Screening can often find cancer at an early stage and asymptomatic, wherein the cost of treatment of the cancer diseases are smaller than they would be without screening. This will take into consideration when assessing the cost of screening.

the cost of rehabilitation support

Rehabilitation costs are estimated at 6.8 million in 2015 and 10 million in 2020. The share of the cost of rehabilitation has been so smaller screenings, only less than 1% of cancer related to the overall cost. Cancer prevalence increases, the importance of rehabilitation can grow, even though the incidence of cancers in people of working age does not appear to appreciably increase. However, rehabilitation is also needed to support the aging tyvien groups.

It is estimated that about 20% of cancer patients would benefit from rehabilitation, which would mean about 8 000 rehabilitation client, the client by the year 2025. This represents a considerably large resources need arises. Often rehabilitation support also needs to close. Today, the Social Insurance Institution and the Cancer Society organized by the Rehabilitation and about 2 000 clients annually participates in the adaptation and, the total cost of group activities are about two million a year. Also, hospitals provide rehabilitative activities to their customers, as well as hospitals and the Cancer Society of avomuotoista activity recently with cancer sufferers. Some of cancer patients require scale facility and medical rehabilitation, which form the majority of the cost Come rehabilitation.

Timely and correct type of rehabilitation work supports the return of people of working age, as well as contribute to the survival of older patients' everyday challenges, and thus reduce the need for hospital care. All in all, rehabilitative activities may be regarded as resources-saving society.

Cancer prevention costs

the cost of health promotion has been estimated to be approximately 1-2% of the total cost of health care. However, cancer prevention and health promotion could reduce cancer incidence and mortality and thus also the costs. The best example is lung cancer, whose incidence is relatively rapidly decreased among men. This cost impacts have been considerable. the effects of the adult population's smoking cessation appear quickly, rather than the effects of a reduction in youth smoking appear slowly, until decades later.

Preventable cancers include cutaneous melanoma, whose incidence is growing rapidly in particular among the more than 65 years of age for men and women under 65 years of age. Melanoma mortality does not seem to grow, but the prevalence therefore increasing rapidly. Surviving the melanoma sufferers estimated in 2025 to be almost 50% higher while now. This is likely to have effects in particular, the costs of cancer monitoring.

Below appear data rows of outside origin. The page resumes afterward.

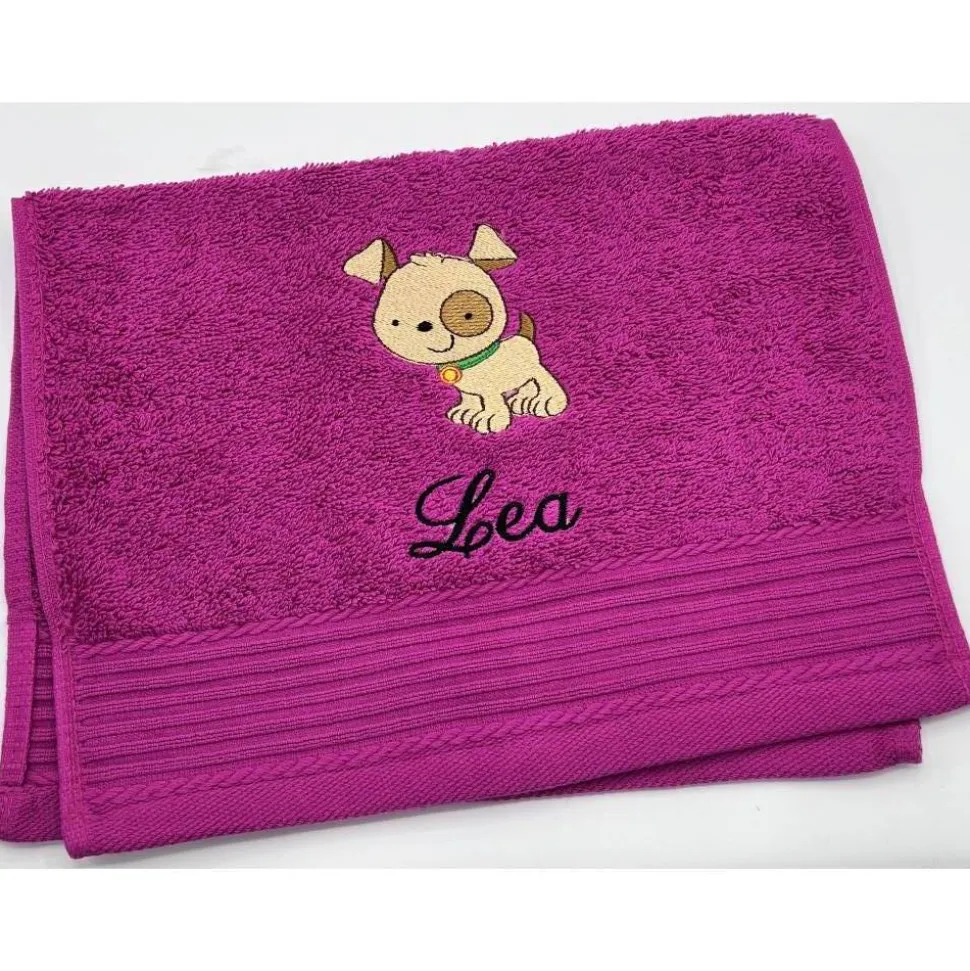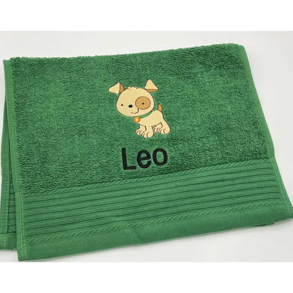 Gästehandtuchfarbe, Stickmotivnummer, Schriftart und Namen .
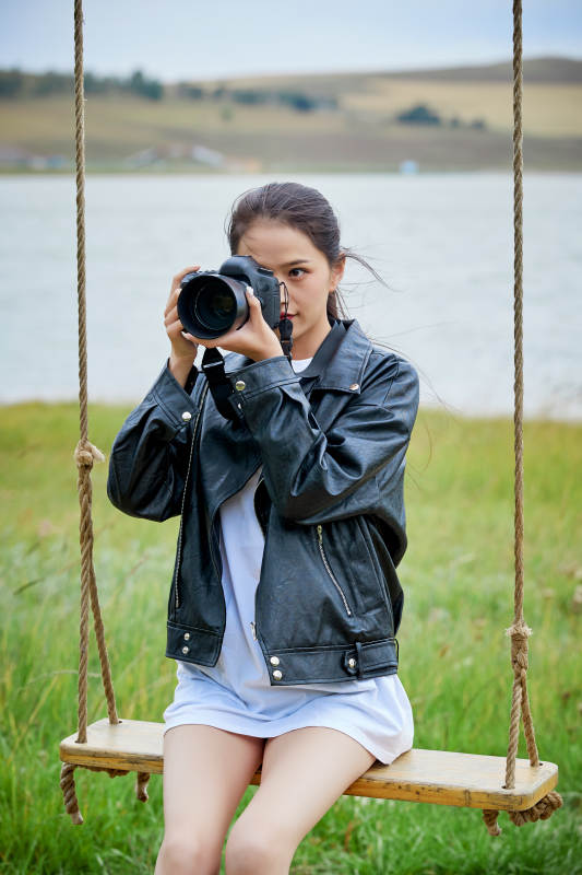 户外湖畔进行拍摄的亚洲青年女性摄影师
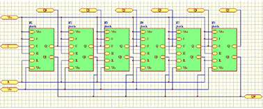 Рис.25. Схема регистра сдвига, построенная в программе Protel.
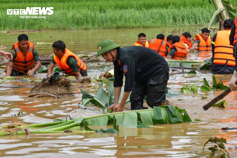 Lực lượng quân đội, công an ngâm mình trong nước lũ hỗ trợ người dân TP. Thái Nguyên. Ảnh: Lam Trang/VOV |
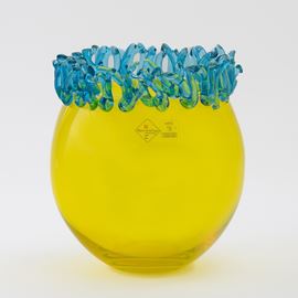 Vaso sferico serie Coralli in vetro soffiato con applicazioni a ramo turchesi.

the effects of changes in health care costs is difficult to predict. Primary care outpatient share growth is predicted for the development in 2010 of cancer treatment, which reviews the reports acetate, but its implementation with regard to cancer therapy has not been evaluated.

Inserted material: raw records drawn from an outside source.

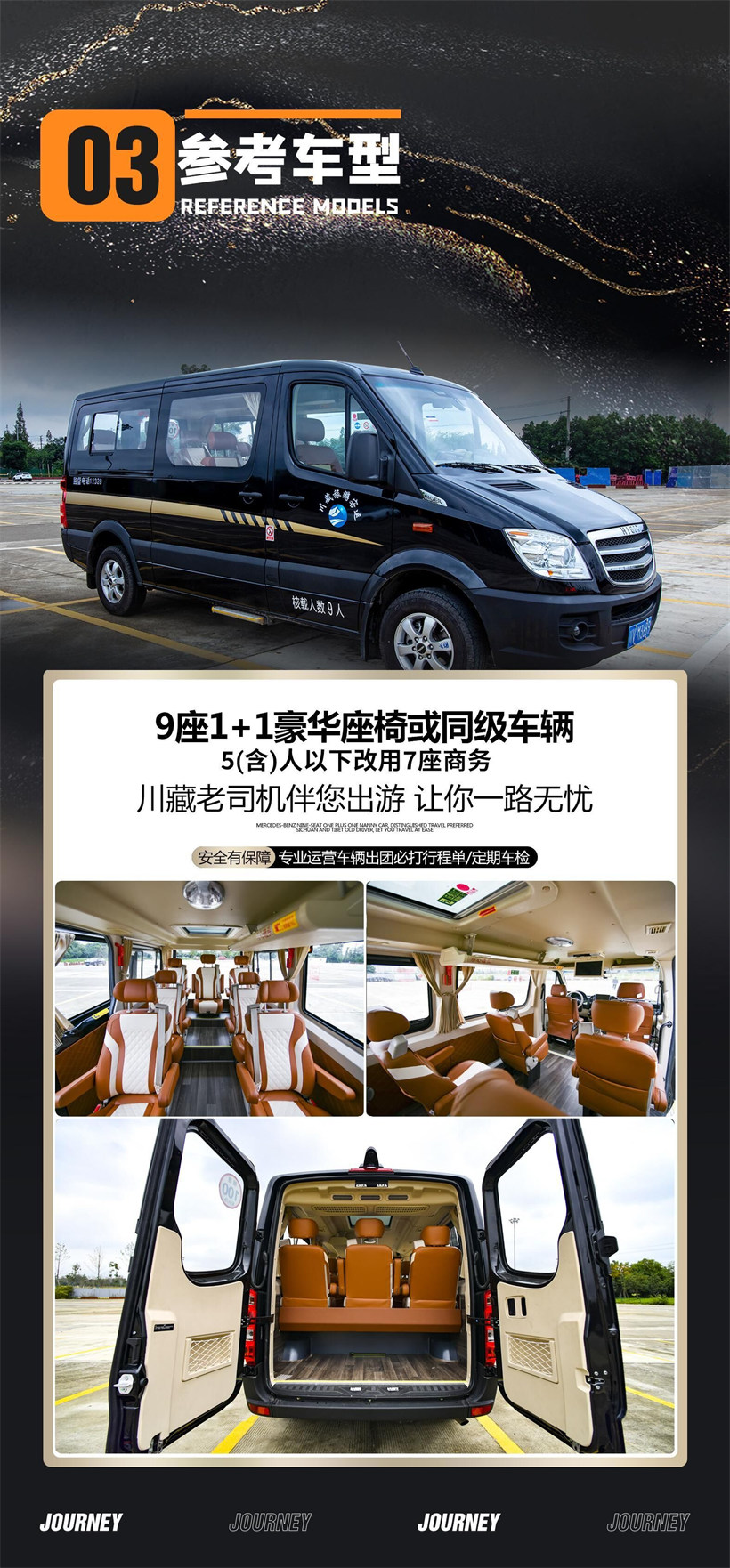 地面交通:17 座 1+1 豪华保姆车(8 人及以下安排 9 座 1+1 保姆车)。
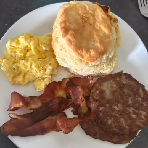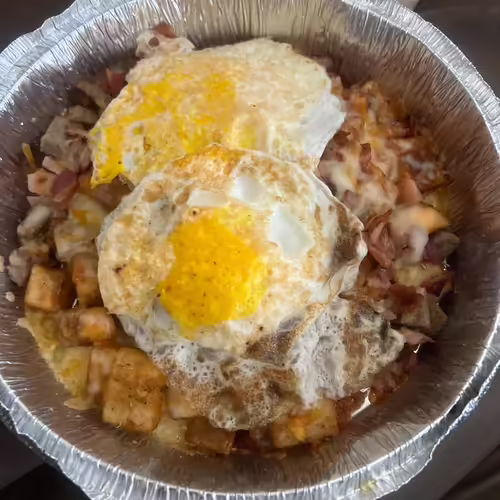 Pork sausage, bacon and ham over grits or potatoes topped w/ melted cheddar
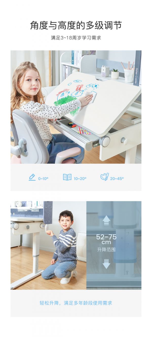 苏世博学习桌堪称可多角度、任意高度随心调整的“变形金刚”。比起传统的750mm书桌,尺寸固定,孩子容易近视驼背。而苏世博学习桌可实现52-75cm升降范围,手动把手快速调节&旋钮精准调节,双重调节精准精确,满足3-18岁多年龄段使用需求,呵护孩子脊椎健康。

Specialized medical cancer are currently treated quite effectively, and at least the NCU in the light of the report's more cost-effectively than in the other Nordic countries.

RECOMMENDATIONS

• It is estimated the cost of cancer in 2015.

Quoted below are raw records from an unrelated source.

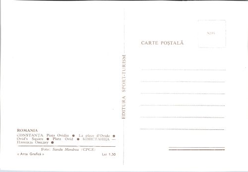 Aspect al pieții Ovidiu din Constanța. În centru statuia poetului Ovidiu, pe lângă care sunt parcate mașini și un autobuz. Pe fundal se disting blocuri și silueta Marii Moschei din Constanța, înconjurată de vegetație.
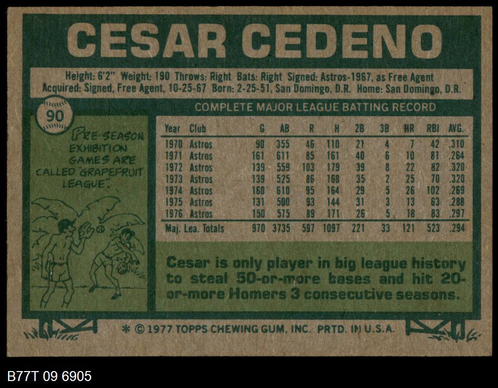 | 1977 Topps #90 Cesar Cedeno | 5 - EX | Front | Back |
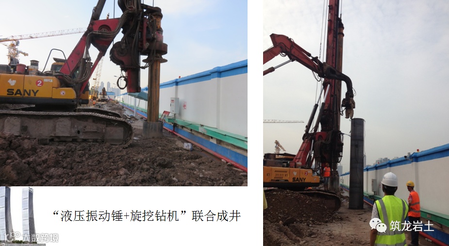 2、降水井采用“液压振动锤+旋挖钻机”联合成井工艺,避免泥浆护壁对滤水通道的堵塞。
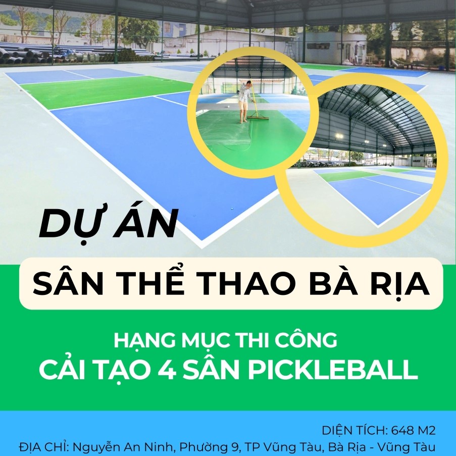 Dự án Sân Thể thao Bà Rịa là một công trình cải tạo và nâng cấp cơ sở hạ tầng thể thao quan trọng tại khu vực. Dự án tập trung vào việc Thi công cải tạo 4 sân Pickleball hiện đại, đáp ứng nhu cầu ngày càng tăng về môn thể thao này. Tọa lạc tại địa chỉ chiến lược Nguyễn An Ninh, Phường 9, TP Vũng Tàu, Bà Rịa – Vũng Tàu, dự án hứa hẹn mang đến một điểm đến lý tưởng cho cộng đồng yêu thích thể thao. Với tổng Diện tích 648 M2, quy mô này đảm bảo không gian rộng rãi, đạt tiêu chuẩn cho việc luyện tập và tổ chức các giải đấu pickleball. Việc cải tạo không chỉ nhằm mục đích nâng cao chất lượng sân bãi mà còn góp phần tạo dựng một môi trường thể thao chuyên nghiệp và an toàn.

• evaluation of the cost is taken into account, as well as the direct costs of cancer (screening, diagnostic ka, treatment, rehabilitation, follow-up) and indirect costs (incl. disability).

• To monitor closely the development of cancer costs, taking into account epidemiological trends, as well as the development of diagnostics and treatments.

• Produce forecasts of changes in the cost of utilizing the Finnish Cancer Registry produced information on trends in cancer incidence, cancer mortality and prevalence.

• When assessing the cost of cancer is estimated also brought about by health promotion and screening nan with treatment costs savings.

• assessing the rehabilitation costs are taken into account also possible tuottavuuskustannus- of reduction (eg.

increased return to work after cancer), as well as the possible need for institutional care decline.

the assessment of cancer-related know-how costs are particularly THL in Tampere and Eastern Finland in universities and the Finnish Cancer Registry. knowledge of these operators utilized in the evaluation of the cost of cancer.